Этот амбассадор Ада знает, чем меня можно подкупить.

— Я попробую, — говорю я. — Но ничего не обещаю. — И перед тем, как нажать кнопку отбоя спрашиваю: — Так почему ты звонишь? Мог бы сказать в школе.

— Меня сегодня не будет, — говорит Чудик. — Ну, пока, — и кладет трубку, прежде чем я успеваю спросить что-то еще.

Что ж, становится все чуднее и чуднее.

Я кладу телефон в задний карман джинсов. То ли по привычке, то ли в надежде, что мама про него забудет. Подхожу к зеркалу и поправляю кудри. У меня на голове не прическа. Это просто какой-то огромный пион!

— Ты опоздаешь, — говорит мама, открывая дверь.

— Уже иду, — отвечаю я.

Хоть бы она не вспомнила про телефон!

— Можно после уроков я пойду в «Библиотеку»? — спрашиваю я.

Она молчит.

— Мне нужно готовиться к конкурсу.

— Разве у тебя нет сеанса после уроков?

Лиля! Как же я могла про нее забыть.

— Она отменила наш сеанс, — вру я. — Какие-то семейные обстоятельства.

Я больше никогда не пойду на сеанс к Лиле!

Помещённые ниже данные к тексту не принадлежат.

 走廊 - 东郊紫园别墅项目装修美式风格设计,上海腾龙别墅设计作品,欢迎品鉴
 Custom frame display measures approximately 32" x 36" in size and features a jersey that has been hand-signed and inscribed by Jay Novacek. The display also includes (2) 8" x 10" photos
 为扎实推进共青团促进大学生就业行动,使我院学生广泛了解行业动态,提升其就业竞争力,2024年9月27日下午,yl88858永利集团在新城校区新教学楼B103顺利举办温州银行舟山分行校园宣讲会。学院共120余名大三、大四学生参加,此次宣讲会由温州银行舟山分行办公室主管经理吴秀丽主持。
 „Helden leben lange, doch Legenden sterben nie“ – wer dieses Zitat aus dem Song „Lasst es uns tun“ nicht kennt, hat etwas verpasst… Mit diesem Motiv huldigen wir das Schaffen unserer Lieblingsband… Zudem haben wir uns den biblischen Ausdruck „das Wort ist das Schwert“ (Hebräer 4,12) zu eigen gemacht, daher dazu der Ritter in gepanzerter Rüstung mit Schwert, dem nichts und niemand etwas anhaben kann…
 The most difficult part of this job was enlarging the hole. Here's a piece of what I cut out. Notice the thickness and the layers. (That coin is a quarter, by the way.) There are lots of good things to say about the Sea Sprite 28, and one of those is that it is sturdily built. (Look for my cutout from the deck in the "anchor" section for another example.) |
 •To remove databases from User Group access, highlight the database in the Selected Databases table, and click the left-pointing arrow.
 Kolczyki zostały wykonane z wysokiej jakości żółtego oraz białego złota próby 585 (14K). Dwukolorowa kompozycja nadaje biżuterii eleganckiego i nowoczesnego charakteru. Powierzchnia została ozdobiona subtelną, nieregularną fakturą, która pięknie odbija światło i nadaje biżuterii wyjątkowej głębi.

— Но она мне не звонила, — говорит мама.

— Да, она предупредила меня об этом еще на прошлом сеансе. Я просто забыла тебе сказать.

— Ну, хорошо.

Я беру рюкзак, папку для акварели и ухожу из дома вместе со своим мобильником. Два обмана за одно утро — не слишком ли много? Чудик был прав — дорога мне в Ад.

7.2

Третий раз за день я сталкиваюсь в школьных дверях с Тимом. Когда мне хочется видеть его меньше всего на свете, он так и лезет на глаза. Я делаю шаг вправо, пропуская его. Но Тим шагает влево, и мы снова стоим друг напротив друга. Фля!

У него на груди болтаются наушники, и я клянусь, что слышу, как в них разрываются Three Days Grace своей «I Hate Everything About You». Просто скажите, что это совпадение.

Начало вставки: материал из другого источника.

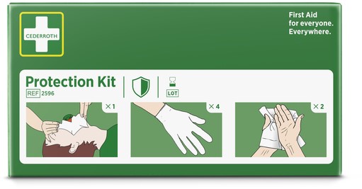 • Cederroth Protectiepakket is een hulpmiddel om op de juiste wijze mond-op-mondbeademing te geven en tegelijkertijd het risico op contact tussen de hulpverlener en de verwonde te verkleinen. Cederroths beademingsmasker is voorzien van een terugslagklep. Op de beschermdoek staan duidelijke instructies in kleur.
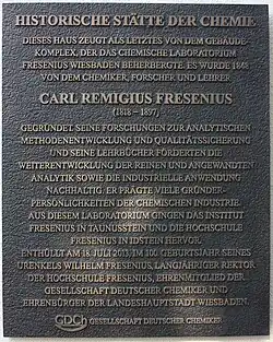 Die Gesellschaft Deutscher Chemiker zeichnete 2013 das von Carl Remigius Fresenius im Jahr 1848 gegründete chemische Laboratorium Fresenius als „Historische Stätte der Chemie“ aus und würdigte damit die Anfänge der Analytischen Chemie.[9]
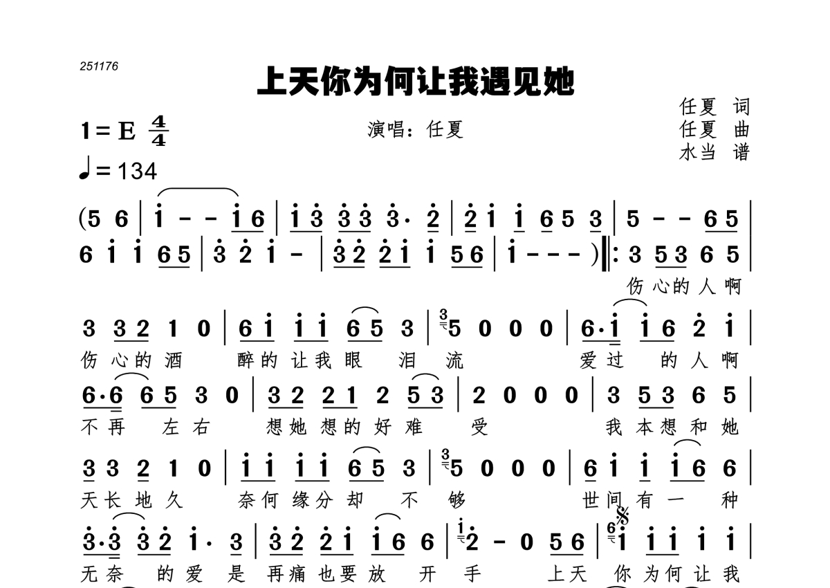 《上天你为何让我遇见她》是任夏演唱的一首歌曲,拍号为4/4拍,歌曲速度为每分钟134拍,这份简谱共有一张高清图谱,图谱由 @水当 编配上传。
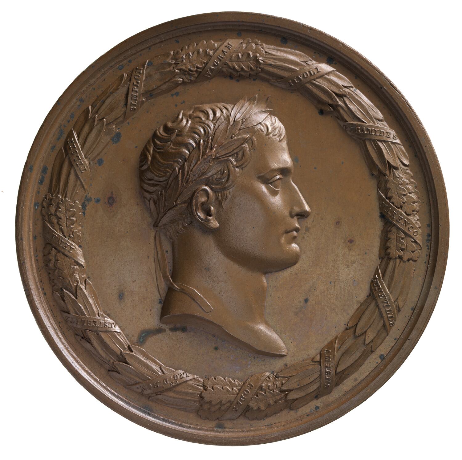 Within a closed wreath, laureate head of Napoleon facing right

— Проходи, — говорит Тим и отступает назад.

— Сам проходи, — огрызаюсь я.

Толчок в спину, и я лечу вперед. Тим делает шаг навстречу и обхватывает меня руками, не давая упасть. Да, в его наушниках однозначно играют Three Days Grace.

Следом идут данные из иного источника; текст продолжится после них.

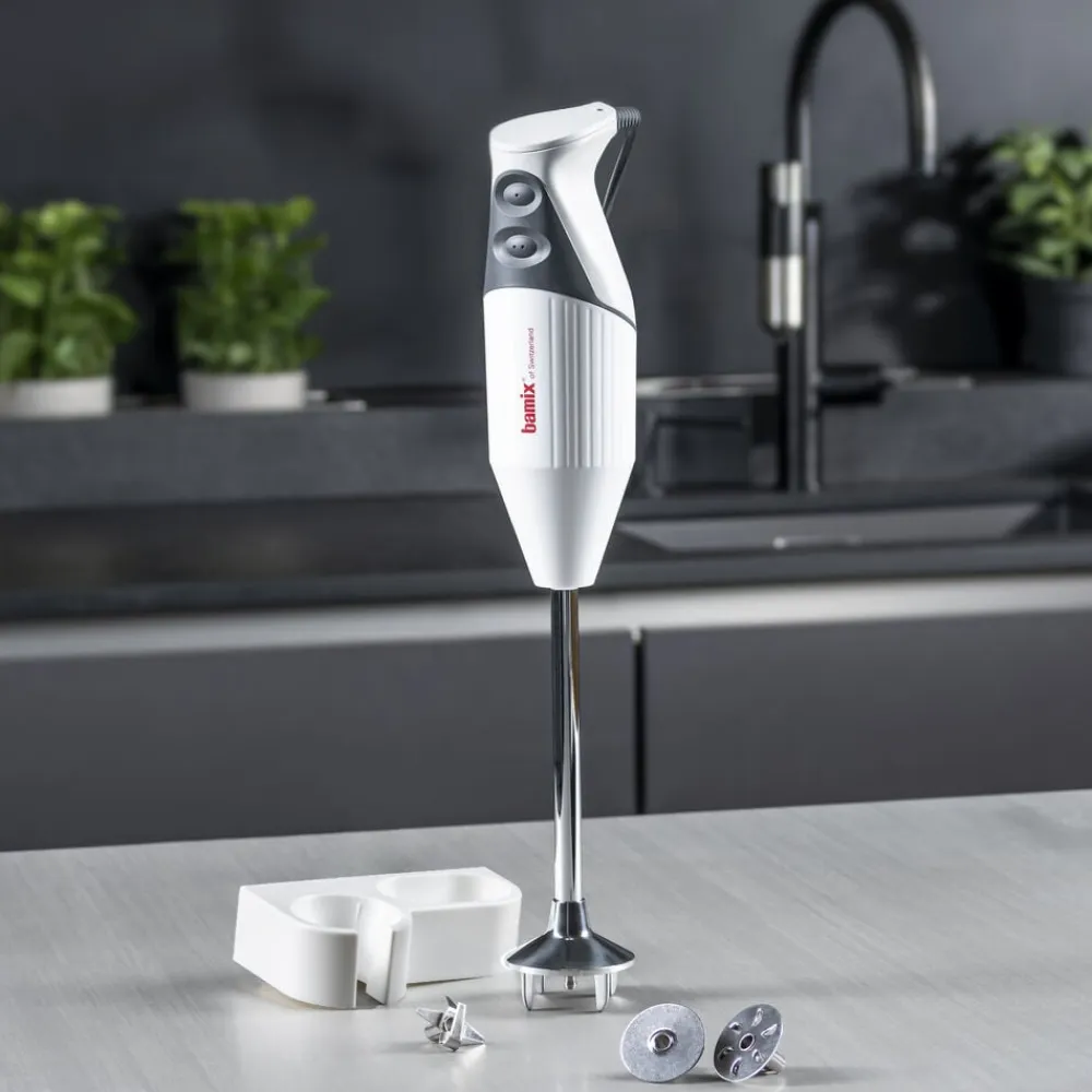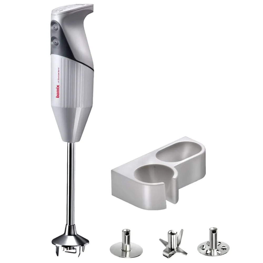 bamix® Gastro Pro-2-stavblender med en kraftig 200 watt motor, der sikrer pålidelig hjælp til selv de hårdeste opgaver i køkkenet. Stavblenderen har to hastighedsindstillinger, softgrip-sikkerhedsknap og en mixerdel på 30 cm, som kan komme under vand, hvilket gør stavblenderen perfekt til professionelle køkkener. Til produktet medfølger multifunktionskniv, blenderskive, piskeskive, vægholder samt en instruktionsmanual. Livstidsgaranti på motor.

Я оборачиваюсь. Это Мия. Ну а кто же еще?

— Ой, — говорит она. — Вы заняли весь проход, твиксики.

Если я ее сейчас прибью, меня оправдают. Честное слово, оправдают. Возможно, я даже стану героем хелл-хауса.

Мия проходит мимо нас и одним движением руки убирает рыжие волосы назад.

— Шикарная песня, кстати, — говорит она Тиму.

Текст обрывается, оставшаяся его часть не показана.